Nothing but the text of the records belongs in your answer: repeat all of it exactly and leave out the images.

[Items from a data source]
------------
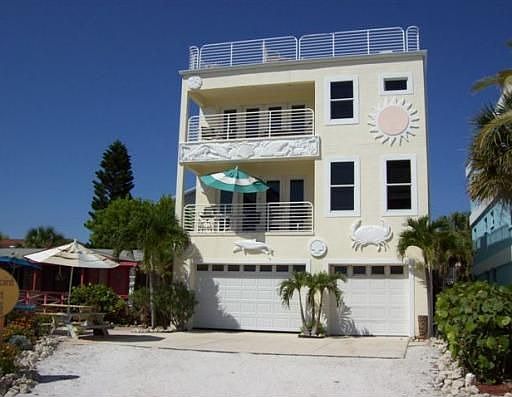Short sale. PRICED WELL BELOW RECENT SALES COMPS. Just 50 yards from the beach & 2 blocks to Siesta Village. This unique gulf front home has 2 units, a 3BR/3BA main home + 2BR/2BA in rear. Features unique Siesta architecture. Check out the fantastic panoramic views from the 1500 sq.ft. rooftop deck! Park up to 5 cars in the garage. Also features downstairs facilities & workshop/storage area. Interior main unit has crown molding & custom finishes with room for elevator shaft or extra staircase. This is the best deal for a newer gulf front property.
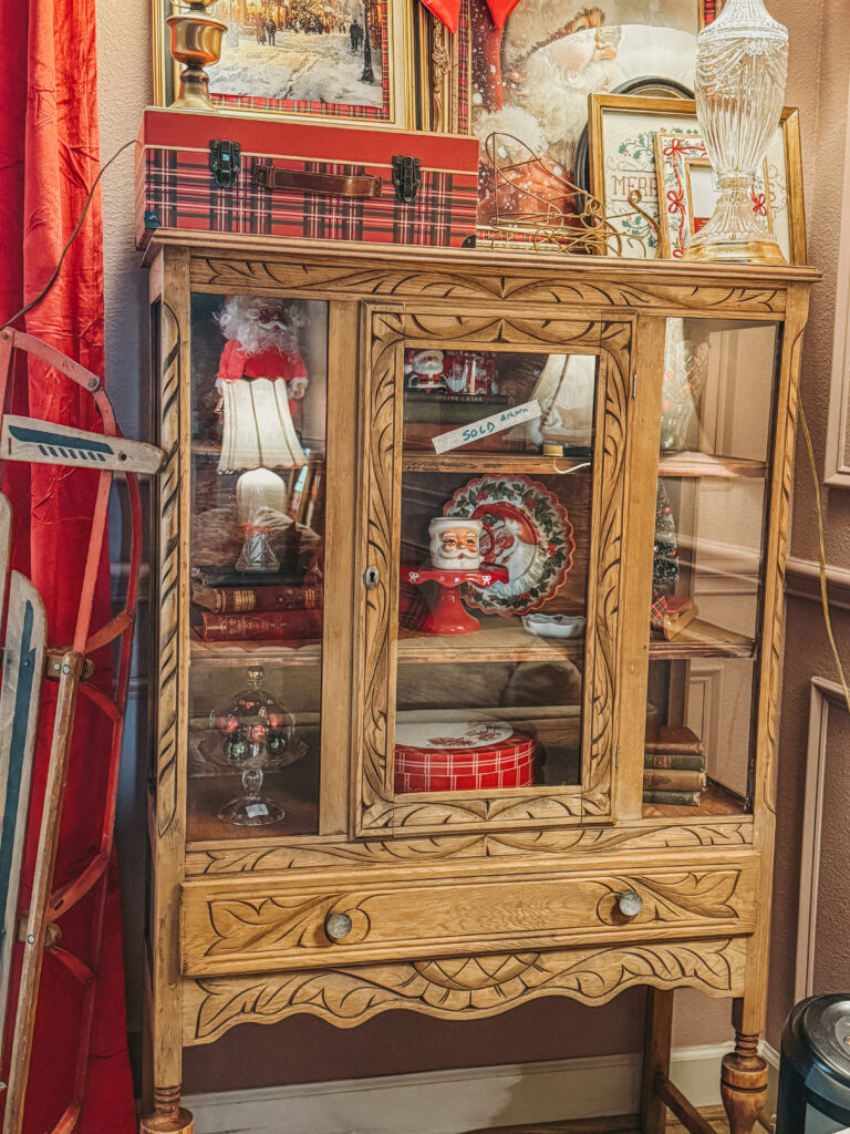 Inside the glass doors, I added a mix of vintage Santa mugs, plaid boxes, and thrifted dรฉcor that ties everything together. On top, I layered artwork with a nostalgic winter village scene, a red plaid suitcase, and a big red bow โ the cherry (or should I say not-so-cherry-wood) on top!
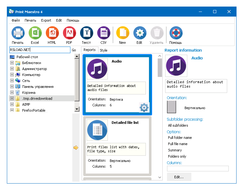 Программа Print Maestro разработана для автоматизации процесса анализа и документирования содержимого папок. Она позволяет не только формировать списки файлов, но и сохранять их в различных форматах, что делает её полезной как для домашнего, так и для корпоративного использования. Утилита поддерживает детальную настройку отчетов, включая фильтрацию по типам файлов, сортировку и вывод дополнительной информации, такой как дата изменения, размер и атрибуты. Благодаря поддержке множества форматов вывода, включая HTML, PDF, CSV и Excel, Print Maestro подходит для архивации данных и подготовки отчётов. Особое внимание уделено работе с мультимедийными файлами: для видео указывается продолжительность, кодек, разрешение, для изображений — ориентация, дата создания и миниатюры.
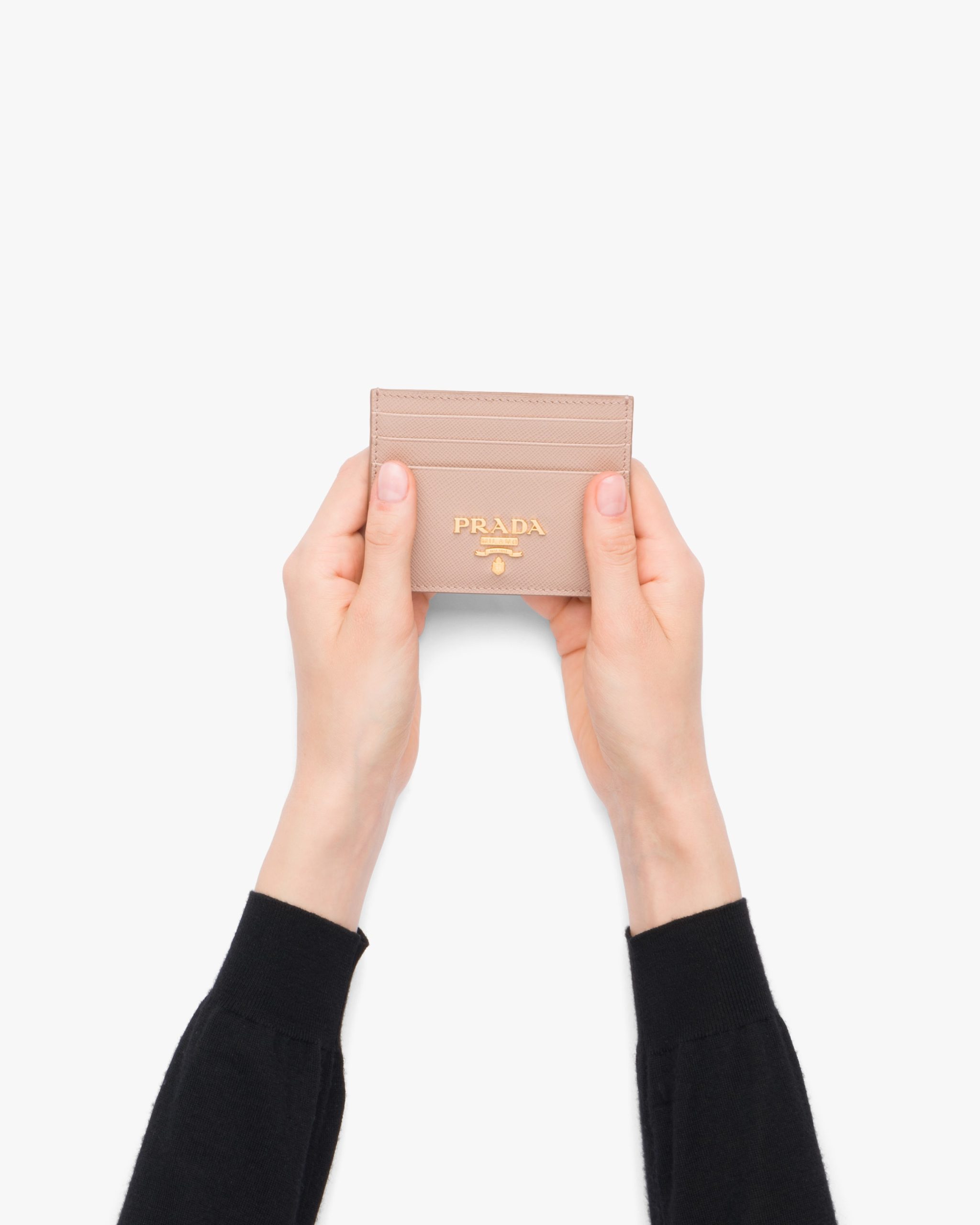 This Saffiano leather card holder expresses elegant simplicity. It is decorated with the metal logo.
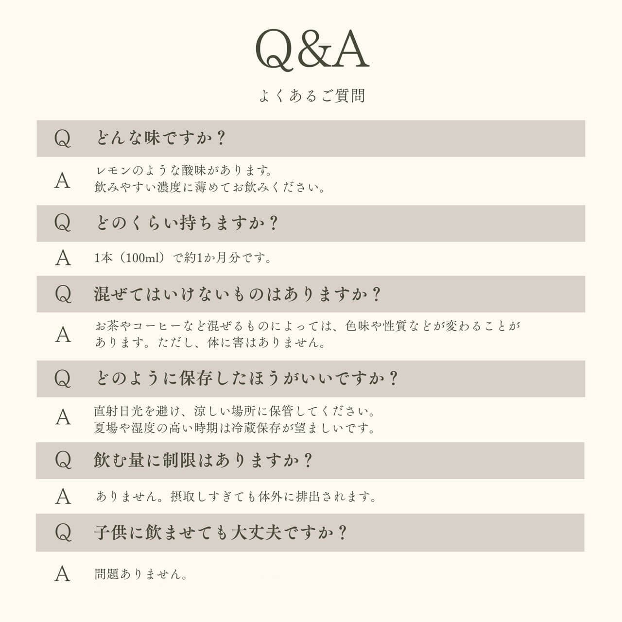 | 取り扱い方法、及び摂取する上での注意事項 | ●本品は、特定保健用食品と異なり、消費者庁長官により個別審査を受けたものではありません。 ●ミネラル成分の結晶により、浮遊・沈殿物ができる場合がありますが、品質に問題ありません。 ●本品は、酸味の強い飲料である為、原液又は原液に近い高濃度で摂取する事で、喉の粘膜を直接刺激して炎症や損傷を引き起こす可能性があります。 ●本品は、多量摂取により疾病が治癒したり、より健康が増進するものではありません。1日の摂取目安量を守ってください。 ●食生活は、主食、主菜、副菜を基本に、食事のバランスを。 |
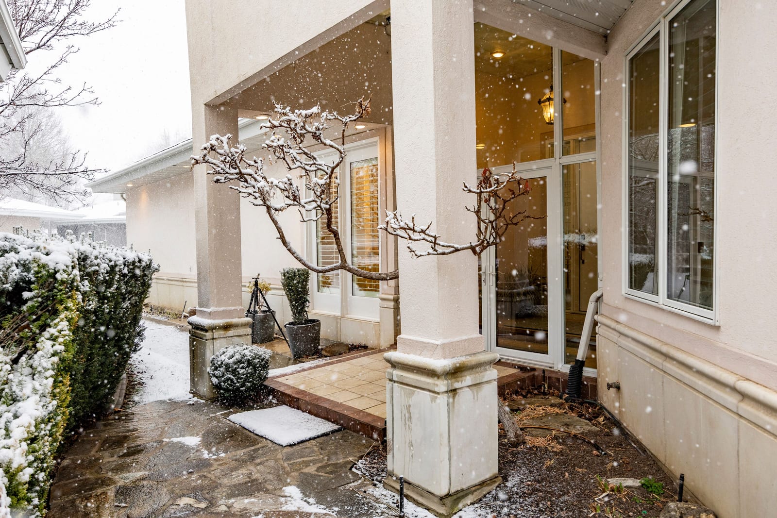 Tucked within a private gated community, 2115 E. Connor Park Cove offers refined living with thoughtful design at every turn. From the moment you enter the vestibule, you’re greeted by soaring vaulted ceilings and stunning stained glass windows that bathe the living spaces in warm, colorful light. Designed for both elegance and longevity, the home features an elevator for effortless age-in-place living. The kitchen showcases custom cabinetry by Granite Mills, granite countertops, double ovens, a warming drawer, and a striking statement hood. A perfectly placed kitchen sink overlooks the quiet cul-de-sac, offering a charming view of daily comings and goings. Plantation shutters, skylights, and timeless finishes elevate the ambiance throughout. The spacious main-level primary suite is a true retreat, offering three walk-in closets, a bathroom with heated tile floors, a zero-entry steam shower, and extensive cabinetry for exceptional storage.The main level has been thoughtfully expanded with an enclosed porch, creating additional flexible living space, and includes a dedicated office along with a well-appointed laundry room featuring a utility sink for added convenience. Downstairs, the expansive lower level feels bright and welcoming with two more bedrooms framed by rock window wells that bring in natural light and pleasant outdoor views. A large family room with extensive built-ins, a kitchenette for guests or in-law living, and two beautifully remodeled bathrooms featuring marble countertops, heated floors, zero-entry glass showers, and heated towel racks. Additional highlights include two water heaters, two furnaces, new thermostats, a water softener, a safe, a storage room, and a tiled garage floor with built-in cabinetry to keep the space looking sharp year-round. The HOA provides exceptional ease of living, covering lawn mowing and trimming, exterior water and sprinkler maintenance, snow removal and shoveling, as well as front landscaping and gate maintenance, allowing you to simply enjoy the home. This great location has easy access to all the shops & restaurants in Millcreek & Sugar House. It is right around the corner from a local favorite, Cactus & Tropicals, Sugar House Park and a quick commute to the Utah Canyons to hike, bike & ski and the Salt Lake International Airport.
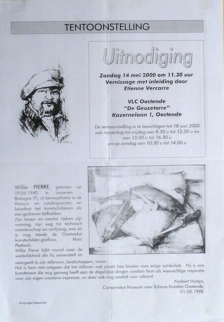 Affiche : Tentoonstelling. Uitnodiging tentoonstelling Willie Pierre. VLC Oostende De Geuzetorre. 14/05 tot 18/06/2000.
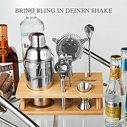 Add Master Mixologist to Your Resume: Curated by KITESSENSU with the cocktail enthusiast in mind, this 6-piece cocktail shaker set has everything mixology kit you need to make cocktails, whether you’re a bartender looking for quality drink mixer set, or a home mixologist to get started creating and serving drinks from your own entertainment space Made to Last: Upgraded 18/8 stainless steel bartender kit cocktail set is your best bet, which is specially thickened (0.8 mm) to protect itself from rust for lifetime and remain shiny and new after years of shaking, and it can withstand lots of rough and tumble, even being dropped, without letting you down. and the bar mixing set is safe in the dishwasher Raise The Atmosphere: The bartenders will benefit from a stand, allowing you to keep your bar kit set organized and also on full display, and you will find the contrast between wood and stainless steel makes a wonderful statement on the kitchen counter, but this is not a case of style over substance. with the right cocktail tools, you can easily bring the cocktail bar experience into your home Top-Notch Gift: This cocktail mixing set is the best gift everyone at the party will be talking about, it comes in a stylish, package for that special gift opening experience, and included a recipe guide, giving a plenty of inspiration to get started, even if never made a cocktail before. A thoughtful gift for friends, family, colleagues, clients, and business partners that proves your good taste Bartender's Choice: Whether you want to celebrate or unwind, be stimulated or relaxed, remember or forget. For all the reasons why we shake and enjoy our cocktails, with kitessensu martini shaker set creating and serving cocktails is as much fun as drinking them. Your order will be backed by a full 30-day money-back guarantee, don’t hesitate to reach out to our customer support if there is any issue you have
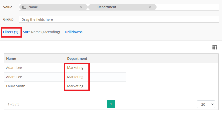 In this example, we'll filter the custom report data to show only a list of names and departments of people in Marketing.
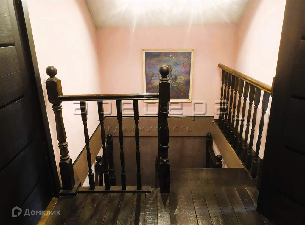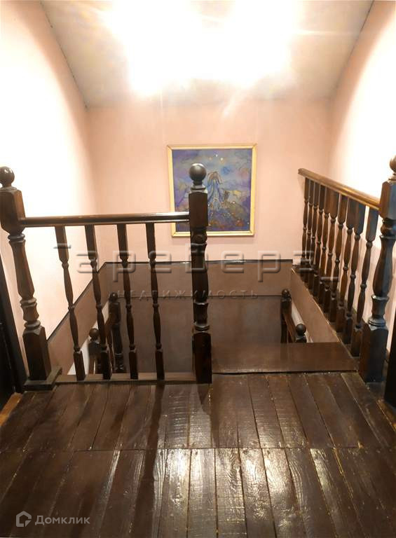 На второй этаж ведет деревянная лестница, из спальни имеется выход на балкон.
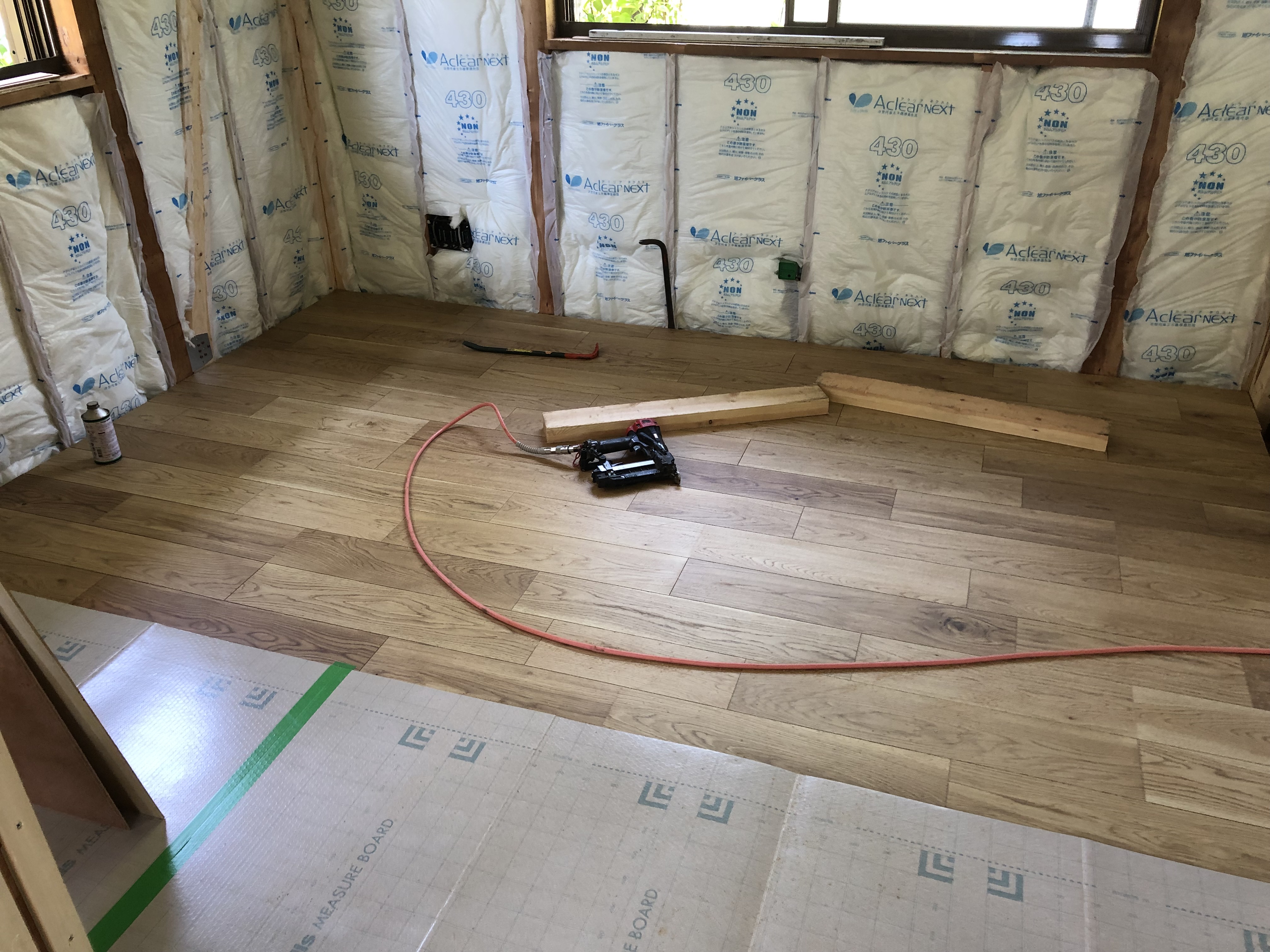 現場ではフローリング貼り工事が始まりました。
------------
● **Expected answer**:
Short sale. PRICED WELL BELOW RECENT SALES COMPS. Just 50 yards from the beach & 2 blocks to Siesta Village. This unique gulf front home has 2 units, a 3BR/3BA main home + 2BR/2BA in rear. Features unique Siesta architecture. Check out the fantastic panoramic views from the 1500 sq.ft. rooftop deck! Park up to 5 cars in the garage. Also features downstairs facilities & workshop/storage area. Interior main unit has crown molding & custom finishes with room for elevator shaft or extra staircase. This is the best deal for a newer gulf front property.
 Inside the glass doors, I added a mix of vintage Santa mugs, plaid boxes, and thrifted dรฉcor that ties everything together. On top, I layered artwork with a nostalgic winter village scene, a red plaid suitcase, and a big red bow โ the cherry (or should I say not-so-cherry-wood) on top!
 Программа Print Maestro разработана для автоматизации процесса анализа и документирования содержимого папок. Она позволяет не только формировать списки файлов, но и сохранять их в различных форматах, что делает её полезной как для домашнего, так и для корпоративного использования. Утилита поддерживает детальную настройку отчетов, включая фильтрацию по типам файлов, сортировку и вывод дополнительной информации, такой как дата изменения, размер и атрибуты. Благодаря поддержке множества форматов вывода, включая HTML, PDF, CSV и Excel, Print Maestro подходит для архивации данных и подготовки отчётов. Особое внимание уделено работе с мультимедийными файлами: для видео указывается продолжительность, кодек, разрешение, для изображений — ориентация, дата создания и миниатюры.
 This Saffiano leather card holder expresses elegant simplicity. It is decorated with the metal logo.
 | 取り扱い方法、及び摂取する上での注意事項 | ●本品は、特定保健用食品と異なり、消費者庁長官により個別審査を受けたものではありません。 ●ミネラル成分の結晶により、浮遊・沈殿物ができる場合がありますが、品質に問題ありません。 ●本品は、酸味の強い飲料である為、原液又は原液に近い高濃度で摂取する事で、喉の粘膜を直接刺激して炎症や損傷を引き起こす可能性があります。 ●本品は、多量摂取により疾病が治癒したり、より健康が増進するものではありません。1日の摂取目安量を守ってください。 ●食生活は、主食、主菜、副菜を基本に、食事のバランスを。 |
 Tucked within a private gated community, 2115 E. Connor Park Cove offers refined living with thoughtful design at every turn. From the moment you enter the vestibule, you’re greeted by soaring vaulted ceilings and stunning stained glass windows that bathe the living spaces in warm, colorful light. Designed for both elegance and longevity, the home features an elevator for effortless age-in-place living. The kitchen showcases custom cabinetry by Granite Mills, granite countertops, double ovens, a warming drawer, and a striking statement hood. A perfectly placed kitchen sink overlooks the quiet cul-de-sac, offering a charming view of daily comings and goings. Plantation shutters, skylights, and timeless finishes elevate the ambiance throughout. The spacious main-level primary suite is a true retreat, offering three walk-in closets, a bathroom with heated tile floors, a zero-entry steam shower, and extensive cabinetry for exceptional storage.The main level has been thoughtfully expanded with an enclosed porch, creating additional flexible living space, and includes a dedicated office along with a well-appointed laundry room featuring a utility sink for added convenience. Downstairs, the expansive lower level feels bright and welcoming with two more bedrooms framed by rock window wells that bring in natural light and pleasant outdoor views. A large family room with extensive built-ins, a kitchenette for guests or in-law living, and two beautifully remodeled bathrooms featuring marble countertops, heated floors, zero-entry glass showers, and heated towel racks. Additional highlights include two water heaters, two furnaces, new thermostats, a water softener, a safe, a storage room, and a tiled garage floor with built-in cabinetry to keep the space looking sharp year-round. The HOA provides exceptional ease of living, covering lawn mowing and trimming, exterior water and sprinkler maintenance, snow removal and shoveling, as well as front landscaping and gate maintenance, allowing you to simply enjoy the home. This great location has easy access to all the shops & restaurants in Millcreek & Sugar House. It is right around the corner from a local favorite, Cactus & Tropicals, Sugar House Park and a quick commute to the Utah Canyons to hike, bike & ski and the Salt Lake International Airport.
 Affiche : Tentoonstelling. Uitnodiging tentoonstelling Willie Pierre. VLC Oostende De Geuzetorre. 14/05 tot 18/06/2000.
 Add Master Mixologist to Your Resume: Curated by KITESSENSU with the cocktail enthusiast in mind, this 6-piece cocktail shaker set has everything mixology kit you need to make cocktails, whether you’re a bartender looking for quality drink mixer set, or a home mixologist to get started creating and serving drinks from your own entertainment space Made to Last: Upgraded 18/8 stainless steel bartender kit cocktail set is your best bet, which is specially thickened (0.8 mm) to protect itself from rust for lifetime and remain shiny and new after years of shaking, and it can withstand lots of rough and tumble, even being dropped, without letting you down. and the bar mixing set is safe in the dishwasher Raise The Atmosphere: The bartenders will benefit from a stand, allowing you to keep your bar kit set organized and also on full display, and you will find the contrast between wood and stainless steel makes a wonderful statement on the kitchen counter, but this is not a case of style over substance. with the right cocktail tools, you can easily bring the cocktail bar experience into your home Top-Notch Gift: This cocktail mixing set is the best gift everyone at the party will be talking about, it comes in a stylish, package for that special gift opening experience, and included a recipe guide, giving a plenty of inspiration to get started, even if never made a cocktail before. A thoughtful gift for friends, family, colleagues, clients, and business partners that proves your good taste Bartender's Choice: Whether you want to celebrate or unwind, be stimulated or relaxed, remember or forget. For all the reasons why we shake and enjoy our cocktails, with kitessensu martini shaker set creating and serving cocktails is as much fun as drinking them. Your order will be backed by a full 30-day money-back guarantee, don’t hesitate to reach out to our customer support if there is any issue you have
 In this example, we'll filter the custom report data to show only a list of names and departments of people in Marketing.
 На второй этаж ведет деревянная лестница, из спальни имеется выход на балкон.
 現場ではフローリング貼り工事が始まりました。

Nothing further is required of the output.